◆ Task description
Exactly as written, reproduce the lines from the beginning of the data through the line containing "hakukenttään. Tämä tuo"; the pictures are not reproduced.
* * * * *
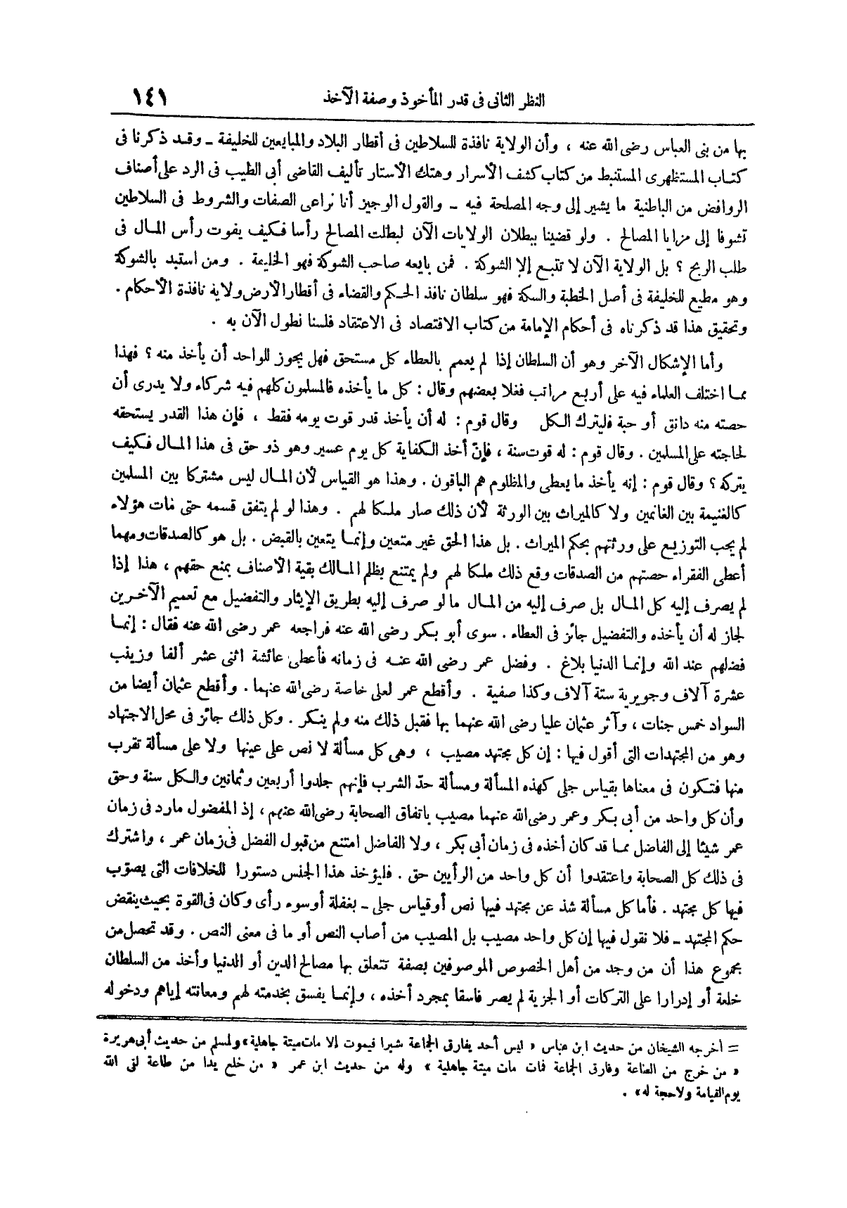 وأن الولاية نافذة للسلاطين في أقطار البلاد والمبايعين للخليفة وقد ذكرنا في كتاب المستظهري المستنبط من كتاب كشف الأسرار وهتك الأستار تأليف القاضي أبي الطيب في الرد على أصناف الروافض من الباطنية ما يشير إلى وجه المصلحة فيه والقول الوجيز أنا نراعي الصفات والشروط في السلاطين تشوفاً إلى مزايا المصالح
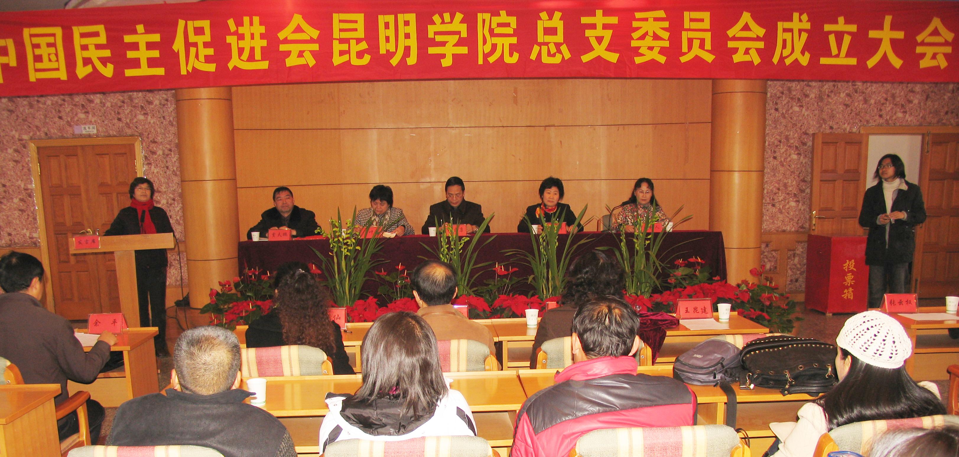 在民进云南省委、昆明市委的领导和best365足球官网党委的指导下,在民进best365足球官网全体会员的努力下,2008年12月6日,民进best365足球官网第一届总支委员会成立大会胜利召开。出席大会我院应到会员70余人,实到会与委托投票会员61人。应邀出席成立大会的来宾有民进省委副主委陈友康、中共昆明市委统战部副部长贾天鹏、中共best365足球官网党委副书记李媛芬及统战部负责人,best365足球官网民革、民盟、致公党、九三学社的代表也应邀出席了大会。
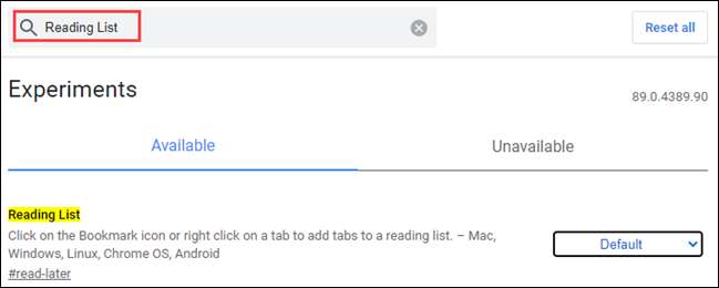 Seuraavaksi kirjoita "lukuluettelo" hakukenttään. Tämä tuo esiin lipun, joka on yksinkertaisesti nimeltään "lukuluettelo".
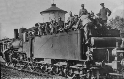 Keywords: P4 Lok mit Truppen.jpg German troops en route to Russia on a Prussian P 4 2 later DRG class 36 steam engine ca 1914 LOC-image ggbain 17757 ~ 1914 Bain News Service New York frame removed PD-USGov Prussian P 4
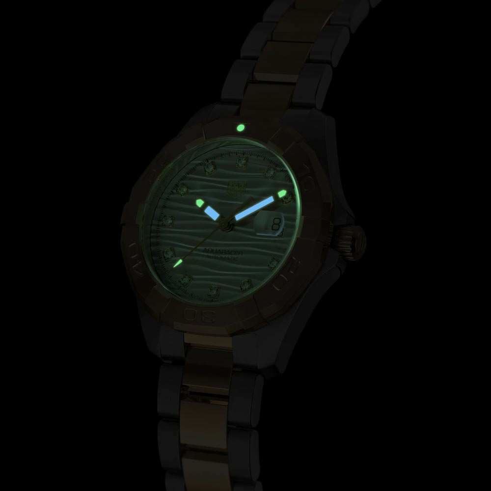 This professional silver-dial sports watch is glamorized with 18ct yellow-gold plate and 11 sparkling diamonds (0.107 CT) on its lacquered silver dial. Internally powered by Calibre 9 automatic movement. it has total water-resistance to 300 meters.
* * * * *
◆ Answer below
 وأن الولاية نافذة للسلاطين في أقطار البلاد والمبايعين للخليفة وقد ذكرنا في كتاب المستظهري المستنبط من كتاب كشف الأسرار وهتك الأستار تأليف القاضي أبي الطيب في الرد على أصناف الروافض من الباطنية ما يشير إلى وجه المصلحة فيه والقول الوجيز أنا نراعي الصفات والشروط في السلاطين تشوفاً إلى مزايا المصالح
 在民进云南省委、昆明市委的领导和best365足球官网党委的指导下,在民进best365足球官网全体会员的努力下,2008年12月6日,民进best365足球官网第一届总支委员会成立大会胜利召开。出席大会我院应到会员70余人,实到会与委托投票会员61人。应邀出席成立大会的来宾有民进省委副主委陈友康、中共昆明市委统战部副部长贾天鹏、中共best365足球官网党委副书记李媛芬及统战部负责人,best365足球官网民革、民盟、致公党、九三学社的代表也应邀出席了大会。
 Seuraavaksi kirjoita "lukuluettelo" hakukenttään. Tämä tuo esiin lipun, joka on yksinkertaisesti nimeltään "lukuluettelo".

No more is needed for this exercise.